Усаживаясь за стол, он снова подумал об этом. Он думал над этим, пока ел суп. Что-то всегда было к нему несправедливо: удача, судьба, рок… Бывают такие люди, на которых все шишки валятся, которые получают раны еще до начала битвы; и не всем, между прочим, удается держаться так хорошо, как ему. Но как же она дразнит его — эта призрачная удача! Вот и в прошлом месяце Дункан — как всем известно, человек был бедный — вместо простого, полезного, честного наследства, оставил своему старинному другу Лотэйру Кенинсби какую-то коллекцию игральных карт, чтобы оный Лотэйр хранил чертову коллекцию в целости и сохранности до самой смерти, после чего коллекция должна перейти в собственность Британского музея. О последнем условии наследнику и думать не хотелось. Он подозревал, что несколько колод представляют ценность, и немаленькую. Но пару лет — по крайней мере, год, — лучше ничего не предпринимать. Слишком много людей об этом знают. Даже статья была в какой-то газете. В ближайшее время он не сможет продать их, — м-р Кенинсби вздрогнул, впервые мысленно произнеся это слово.
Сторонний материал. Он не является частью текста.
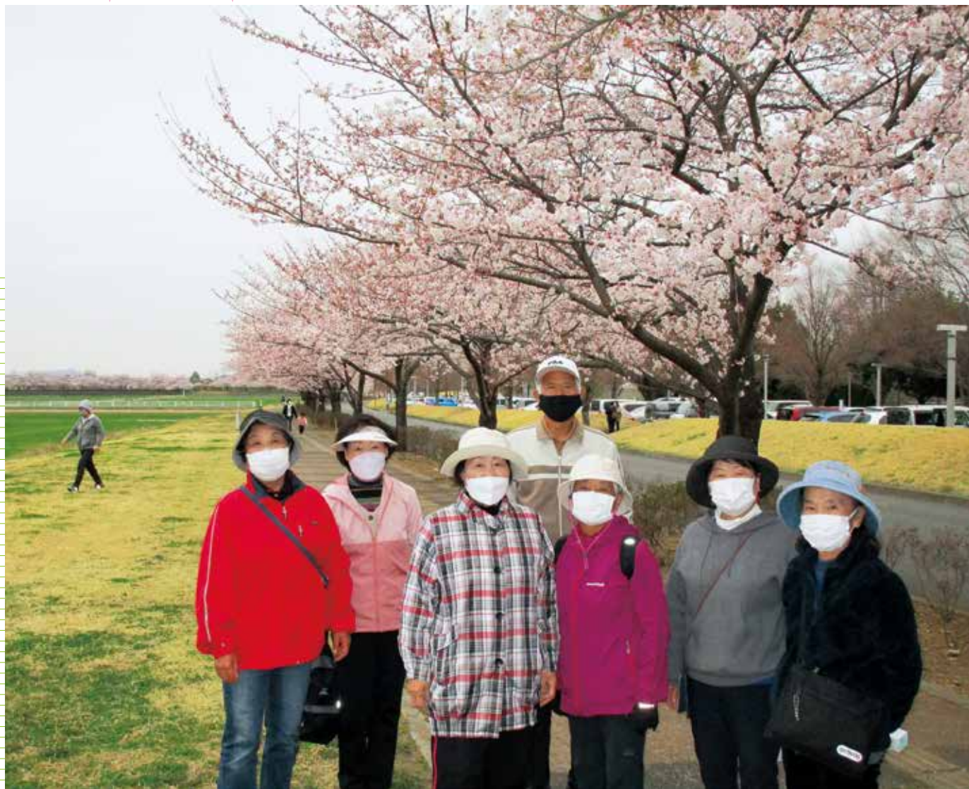
今年もひっそりお花見できました（館林某所・老人クラブ春のウォーキング大会）
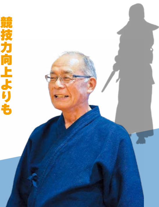
鹿屋警察署直心館剣道 スポーツ少年団 指導者

競技力向上よりも 子どもの健全育成を 私は、現役の警察官の頃から子どもたちへ剣道の指導を行っています。親御さんから「うちの子どもは運動神経があまり良くなくて…」といった言葉をよく耳にします。しかし、子どもはとても大きなポテンシャルを秘めているので、まずは何事も「させてみる」ことが大切。集中しているときに目の色が変わる様子は、大人でもびくつきさせられます。一方で、一生懸命してしまいう子どもだからこそ、知らず知らずのうちに体を痛めたり、熱中症になったりしてしまいます。子どもたちの気持ちに体谅や体力がついていかないこともあるため、無理をさせないように指導者として気を付けています。
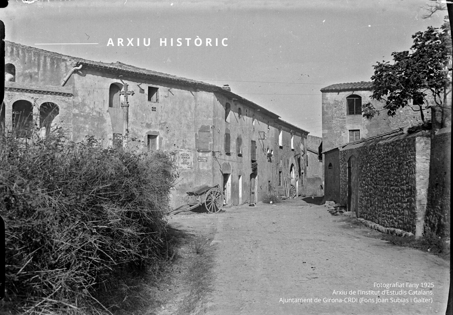
Fotografiat l'any 1925

Aquesta fotografia és una de les finalistes de la votació popular que es va fer al local social el passat 2 de desembre.
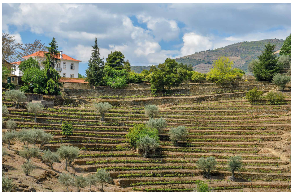
A VINHA DOS CARDENHOS, QUINTA DOS MALVEDOS

A parcela dos Cardenhos , em forma de anfiteatro por detrás da casa, tem uma exposição noroeste e a parcela Port Arthur , que circunda a cumeada sobre a qual a casa assenta, está orientada a nascente. Estas exposições contrastam completamente com a orientação predominante – a sul – de grande parte da vinha dos Malvedos. Estas exposições mais frescas revelaram as suas vantagens num ano
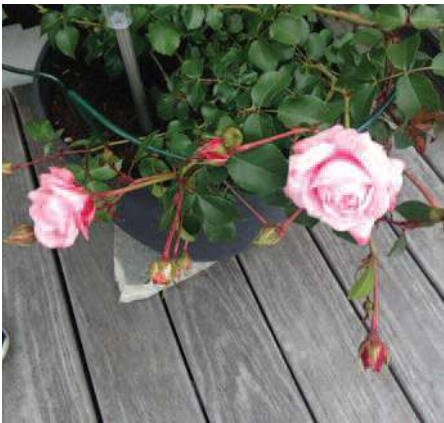
I gartneriet fant vi rosen Inner Wheel forever.

— Папа, — сказала вдруг Нэнси, — ты ведь после ужина покажешь нам карты мистера Дункана? — Кенинсби неприязненно усмехнулся, но Нэнси не отступала. — Генри прочитал о них в газете. — Кенинсби представил себе цыгана, сидящего под забором с клочком газеты в руках. — И он немножко разбирается в картах. Ой, Генри, в чем ты только не разбираешься!
«Ну да, — желчно подумал м-р Кенинсби, — ярмарка, деревенские простофили выкладывают последние гроши, чтобы угадать, под каким наперстком горошина. Тоже мне, знаток!».
— Дорогая, — начал он, — мне тяжело вспоминать… Ведь Дункан был моим хорошим другом.
— Ну пожалуйста, тебе ведь нетрудно… Ему нравилось, когда люди интересовались его коллекцией.
Кенинсби поднял голову и заметил, как на лице Сибил мелькнула легкая улыбка. Чему она улыбается? Нэнси сообщила неопровержимый факт, касавшийся последних лет жизни Дункана, и теперь Кенинсби не мог сообразить, как лучше выпутаться. Но Сибил-то чему радуется?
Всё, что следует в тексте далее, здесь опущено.